DFW bankers are taking steps to prepare themselves for deposit shortfalls, no matter what causes them. Grand Bank of Texas, for example, has hedged against deposit risk by staggering its offerings of savings products by both interest rates and maturity dates.

The broad scope of savings products helps the $320 million-asset institution prevent sharp, immediate changes in its deposits, according to Michael Casey, its chairman and CEO. “We will be proactive in protecting our customer base,” says Casey, whose Dallas-based bank has 72 employees and four locations. “We want to ensure there is no abrupt change that would damage the quality of those deposits in any way.”

In Terrell, American National Bank of Texas has prepared several products it could introduce if it begins seeing a reduction in “liquidity,” or assets that can quickly be converted to cash to meet obligations.

“Some banks have seen a tightening of liquidity,” says Robert Hulsey, president and CEO of American National, a $2.8 billion institution that was founded in 1875. “We have not had that issue, as our current liquidity is more than substantial.”
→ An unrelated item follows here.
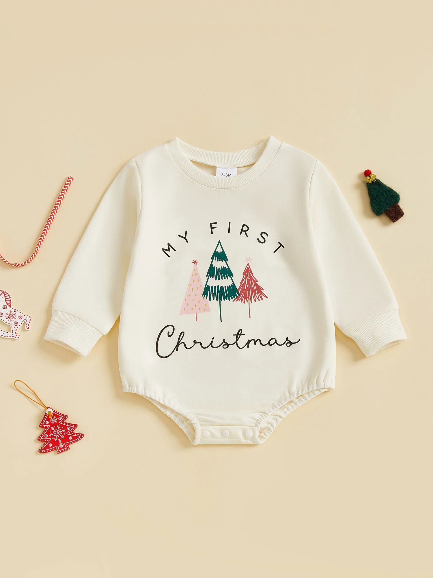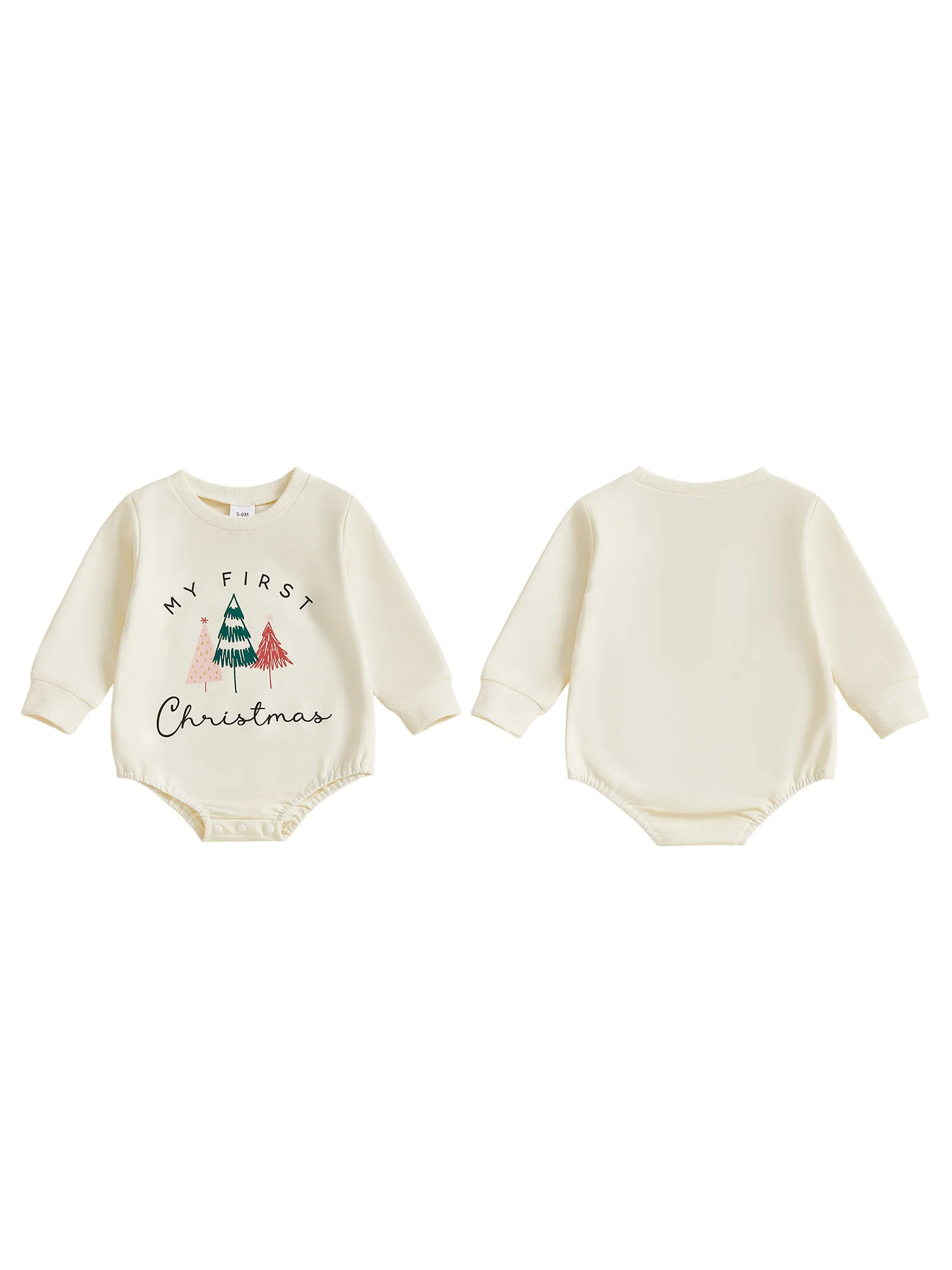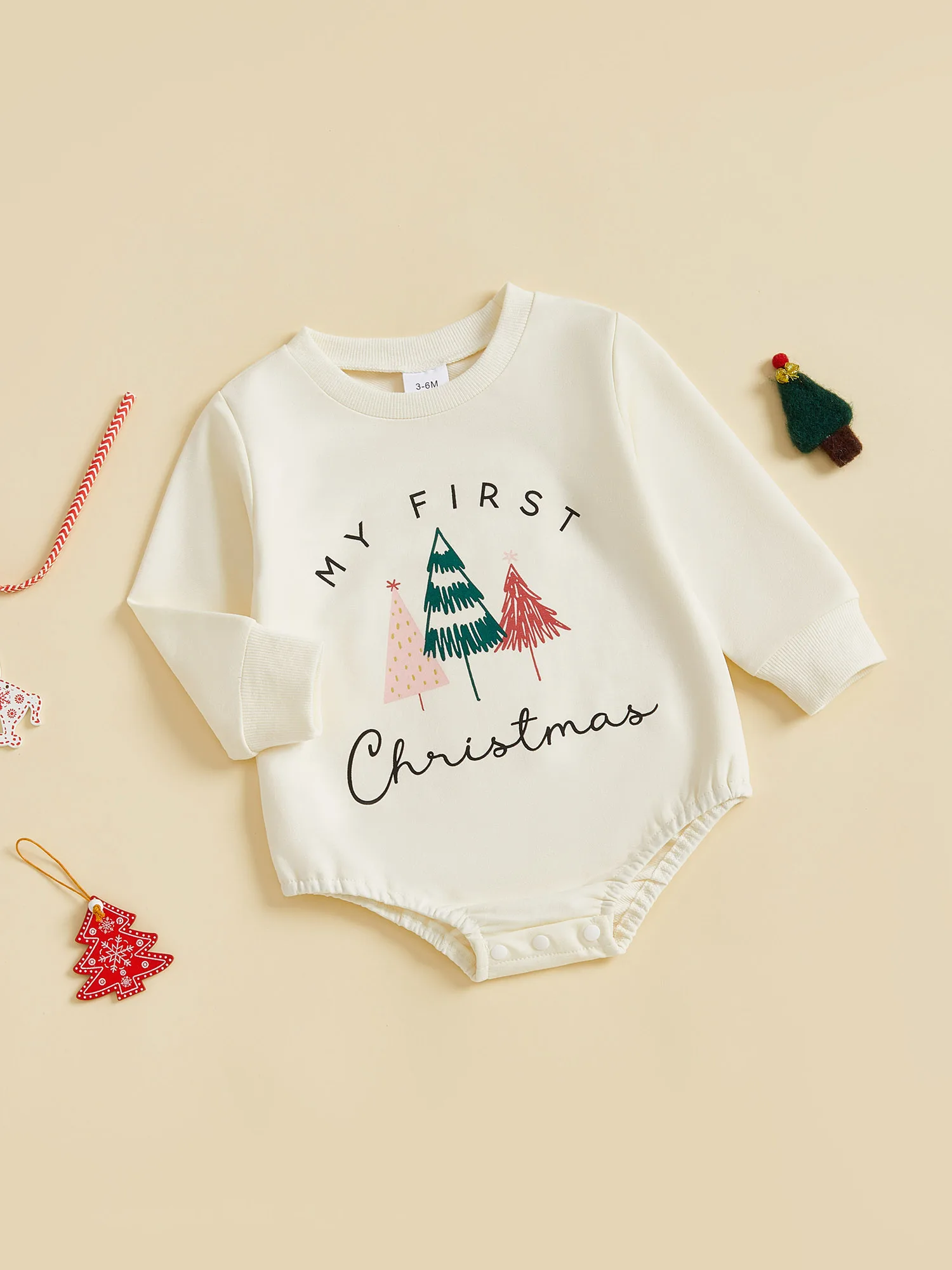 Mamelucos navideños para bebé, lindo mono de manga larga con cuello redondo y estampado de árbol con letras

But Hulsey, like Texas Capital’s Cargill, believes the economic vitality of North Texas will help his bank combat any negatives from the end of QE.

Cargill frames the question using a term for adding profit to a business. “Our local economy is very strong,” he says. “We believe the fundamental business advantages of Dallas-Fort Worth will continue to be accretive throughout the QE unwind.”


Jeff Bounds is a freelance business writer in Garland.